Legacy Documentation - PHG Version 1

This section contains documentation for PHG version 1, which is no longer actively developed. It is preserved here for archival and historical reference only. If you are looking to use the Practical Haplotype Graph, please refer to the PHG v2 documentation, which reflects the current version of the software.

Create Haplotypes¶

Overview¶

This step allows you to load Haplotypes into the Database. Currently we support inputs from WGS fastq files, BAM files of WGS reads aligned to a reference and a GVCF file. Depending on the inputs, you will need to run a different Script.

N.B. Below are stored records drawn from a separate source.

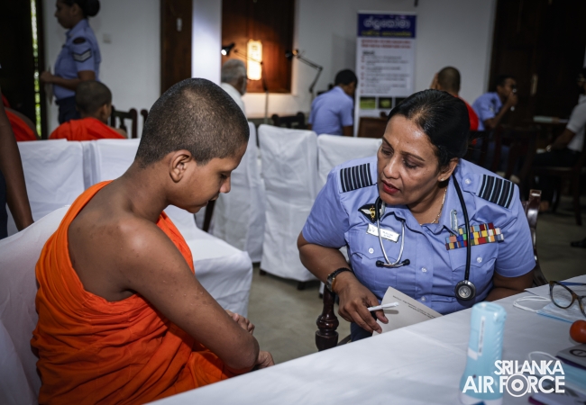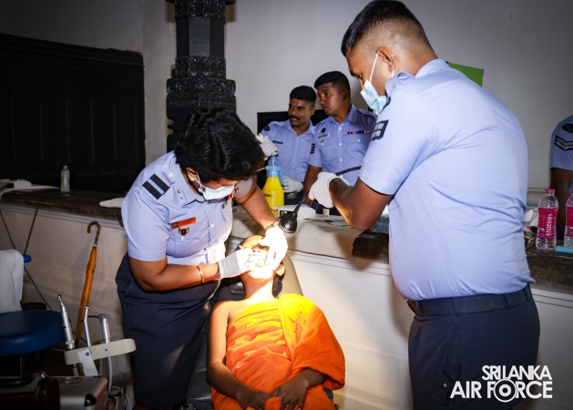 With the guidance of the Commander of the Air Force, Air Marshal Bandu Edirisinghe and the Director General Health Services, Air Vice Marshal (Dr.) Lalith Jayaweera, along with Director Medical Services, Air Commodore (Dr.) Neeluka Abeysekara and Director Dental Services, Air Commodore (Dr.) Kumudu Weerasekara, a Medical and Dental Clinic was successfully conducted today (21 October 2025) at the Temple of the Sacred Tooth Relic, Kandy. The programme was conducted by Air Force Medical and Dental Officers and Medical and Dental staff, providing essential healthcare services to the Buddhist Monks of the Asgiri and Malwathu chapters, as well as the civilian staff of the Temple of the Tooth Relic and their family members.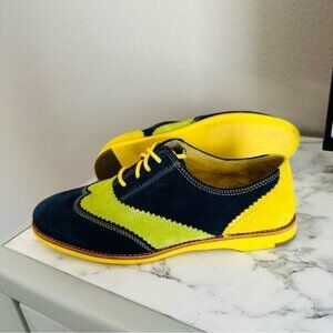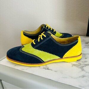 Trendy navy and yellow suede oxfords with a vibrant design. Perfect for adding a pop of color to any outfit.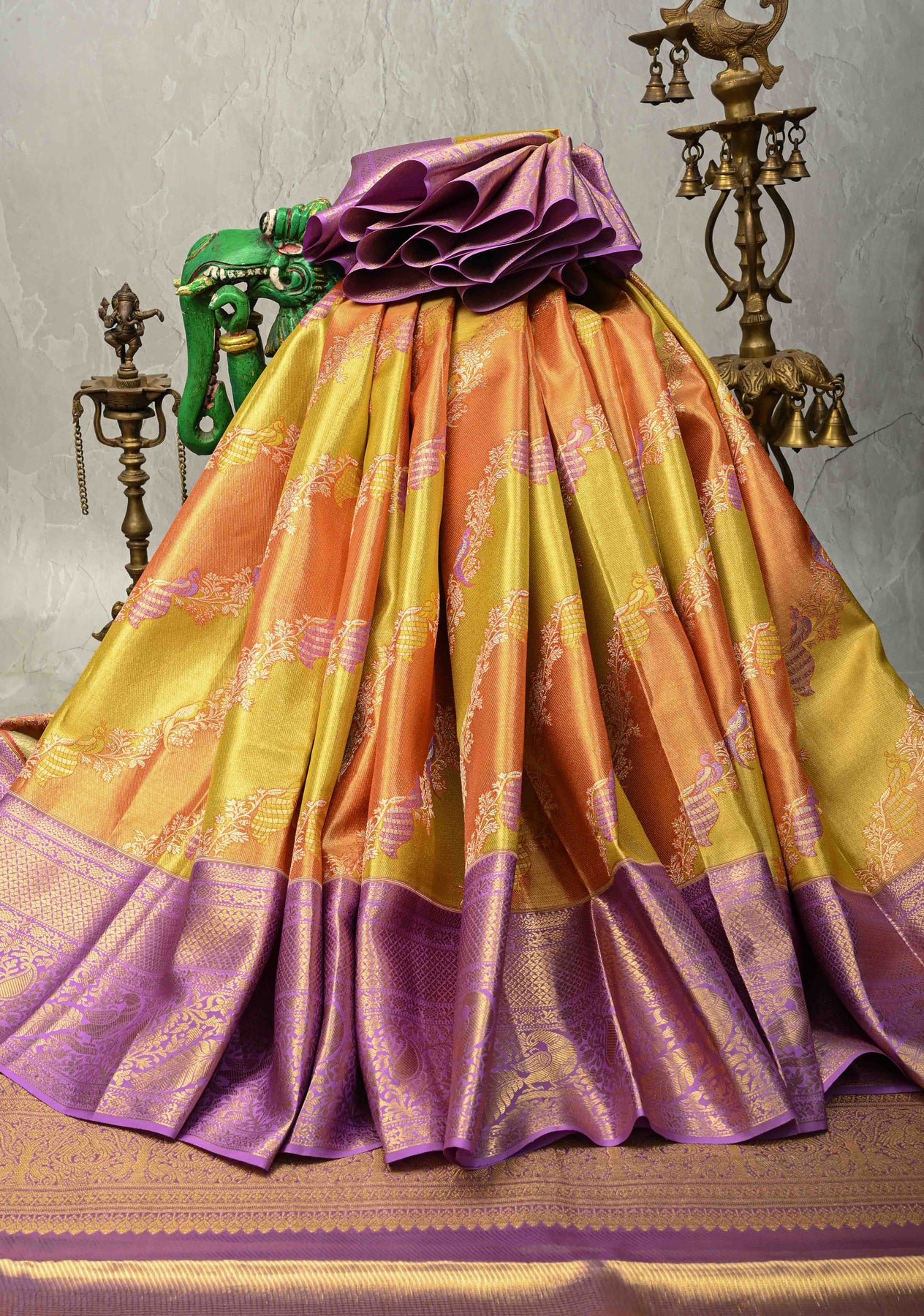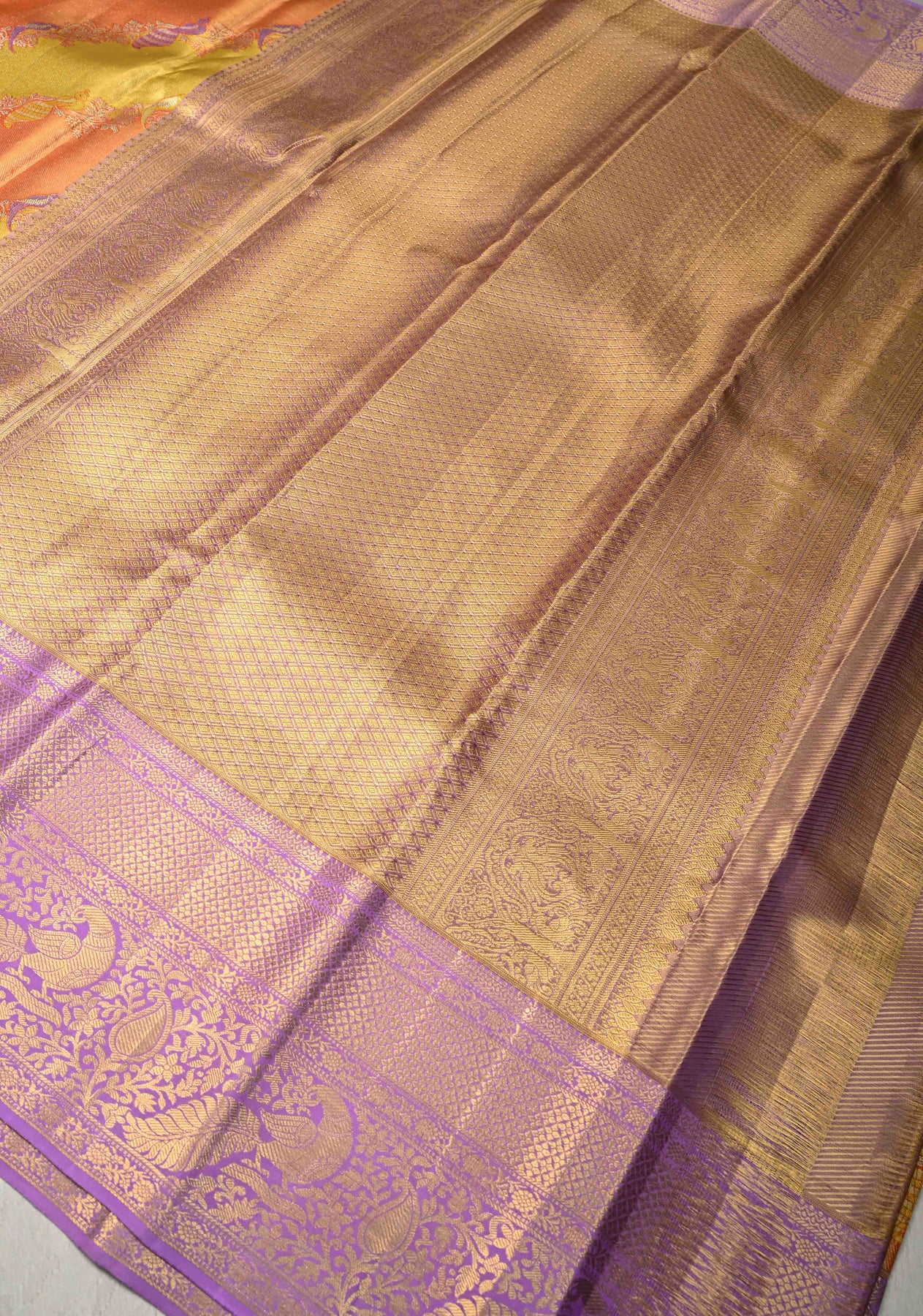 This magnificent Gold-Orange Leheria design pure Kanjivaram tissue silk saree is a radiant blend of tradition and artistry. The shimmering tissue silk body features flowing Leheria-inspired patterns enriched with intricate Meenakari floral and bird stripes, creating a dynamic yet elegant visual appeal. The vibrant Meenakari detailing adds depth and color to the saree, while the richly woven contrast zari border enhances its regal charm. Finished with a beautifully crafted zari pallu, this saree is an exceptional choice for weddings, festive occasions, and grand celebrations that call for timeless Kanjivaram elegance.

Note, as of PHG version 0.0.20, the keyFile plugin parameter has been renamed wgsKeyFile.¶

Scripts¶

Please refer to each scripts documentation for more detailed instructions.

Steps of the Pipeline¶

Check to see if the reference is BWA and fai indexed
1. If not index using bwa, samtools and picard
Align WGS fastqs to the reference using bwa mem
Sort and MarkDuplicates in the output BAM file
Filter the BAM file based on Minimum MapQ
Run HaplotypeCaller using GATK or Sentieon
Filter the GVCF file
Extract out the Reference Ranges and load the haplotypes to the DB

Steps 1-7 are completed by CreateHaplotypesFromFastq.groovy, Steps 4-7 are completed by CreateHaplotypesFromBAM.groovy and only step 7 is completed by CreateHaplotypesFromGVCF.groovy.

If you have data from multiple different formats, we suggest running CreateHaplotypesFromFastq.groovy first on all your fastq files, then CreateHaplotypesFromBAM.groovy on your BAMs and finally CreateHaplotypesFromGVCF.groovy on your GVCF files.

Deprecated Script:

CreateHaplotypes.sh - This script is no longer maintained.